顔立ちは変わらない。それなのに、何だか綺麗になった気がする。
「何さ、人の顔じろじろ見て」
岬は、五月蝿そうに手を振ったが、かえって気になる。
「いや・・・岬って綺麗だな、と思って」
俺の台詞に岬は露骨に嫌そうな顔をした。
「キューティクル完璧の井沢に言われたくないな」
かく言う俺だって結構イケているので、俺と岬のコンビは南葛イケメンコンビなんてビジュアル系扱い。翼がいた時よりも、サッカー以外のファンが増えたような。

「確かに岬さんは綺麗だと思います!」
横から入って来た新田に、岬はさらに嫌そうな顔である。まあ、新田のような年下の可愛いのに綺麗と言われたら、俺も嫌だ。
「顔、とかじゃなくて、何かオーラが違うっていうか・・・色気があるというか」
俺の言葉に岬が目を丸くした。
「・・・僕、男だよ」
「・・・知ってる」
たいていの男が敵わない位「漢」。気持ちもさっぱりしているし、意志も強くて、大人の男前。女性に対しては完璧なジェントルマン。
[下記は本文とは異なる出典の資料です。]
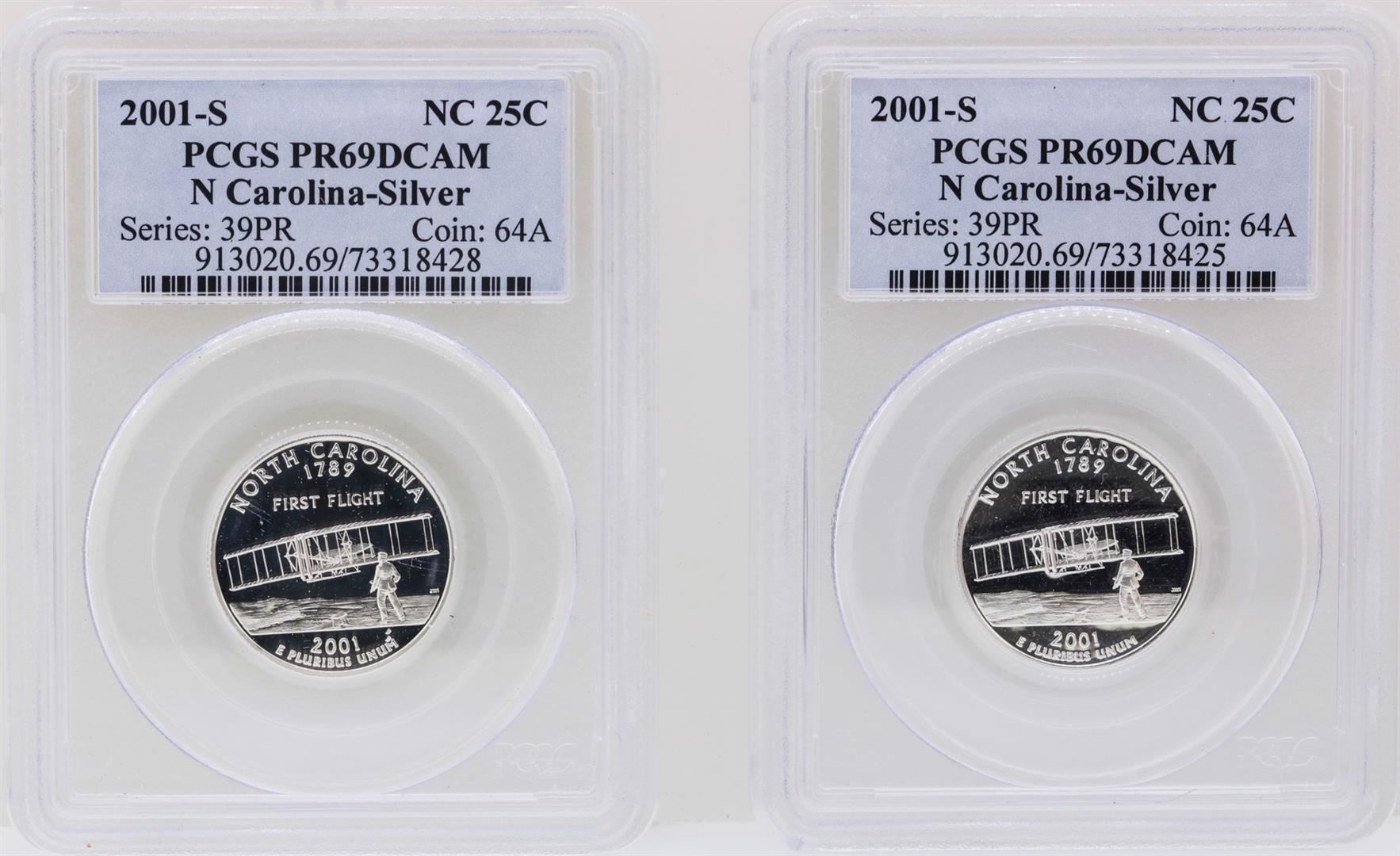 Lot of (2) 2001-S State Quarter Silver Coins PCGS PR69DCAM

「バカなこと言ってないで。で、このフォーメーションだけど・・・」
頭は切れるし、冷静だし。でも冷静過ぎる訳じゃなくて、熱い魂を持っている。
「おっ、奇策じゃん」
「でしょ?奇襲攻撃も試してみたいし。明日、石崎くん立たせてやってみない?」
めちゃくちゃ楽しそうに岬が笑っている。本当にサッカー好きだもんな。他に何も要らない位。かなりモテるくせに、一向に彼女を作らない。サッカーが恋人なんだ、なんて可愛い顔で言ったりしている。恋人、で思い出した。こないだメアド交換した子、まだデートしてないや。
「そういえば、GWはどうするんだ?」
他の連中は里帰りしたりするから、部としてはお休み。岬が練習しないなら俺も自主練で良いんだけど…。
「休み中出て来るなら付き合うぜ」
「俺も付き合いますよ」
新田がまたもやしゃしゃり出てくる。この超生意気な新田は岬にはなついている。フランスでのジュニアユース大会、一見綺麗で可愛いこの岬の華麗なプレーと男らしさ、潔さにまいったらしい。スカウトを蹴飛ばして南葛に来た。
「せっかくだけどゴメン、GWはちょっと・・・」
らしくもなく言い淀むのを見て、ピンときた。
「岬、恋人に会いに行くんだろ」
不意打ちだったせいか、岬はぱっと赤くなった。・・・不意打ちが効くとは思わなかったこっちの方が呆然とする。
「そ・・・そんなんじゃないよ」
岬が動揺するところを見られるとは。白い頬を桜色に染めて、耳まで真っ赤な様子は本当に可愛い。
「あずみちゃんだっけ?」
確かフランスの彼女の名前。岬は一瞬目を見開いて、すっと立ち上がった。
「顔洗ってくる」
ぱたぱたと軽い足音。もっと反応してくれると思っていた俺は拍子抜けして、新田と顔を見合わせた。
「岬さんって、絶対その辺の女子より可愛いですよね」
女子って言うな、新田。プラス息を呑むな。あれはお前より年上の男で、年功序列厳しい運動部の先輩だぞ。
「でも彼女に会いに行くんだぜ」
つい俺まで感慨深げに言ってしまったが。

「ごめん、あんまりからかうから」
戻ってきた岬は顔の紅潮こそ少しひいているものの、目はうるうる。濡れた前髪が額にかかって。優しい笑顔はその気のない俺でも守ってやりたくなってしまう。
「恋人によろしくな」
「だから、そんなんじゃないって・・・」
また少し赤くなった。こんな岬が彼女といるところなんて、想像できないな・・・。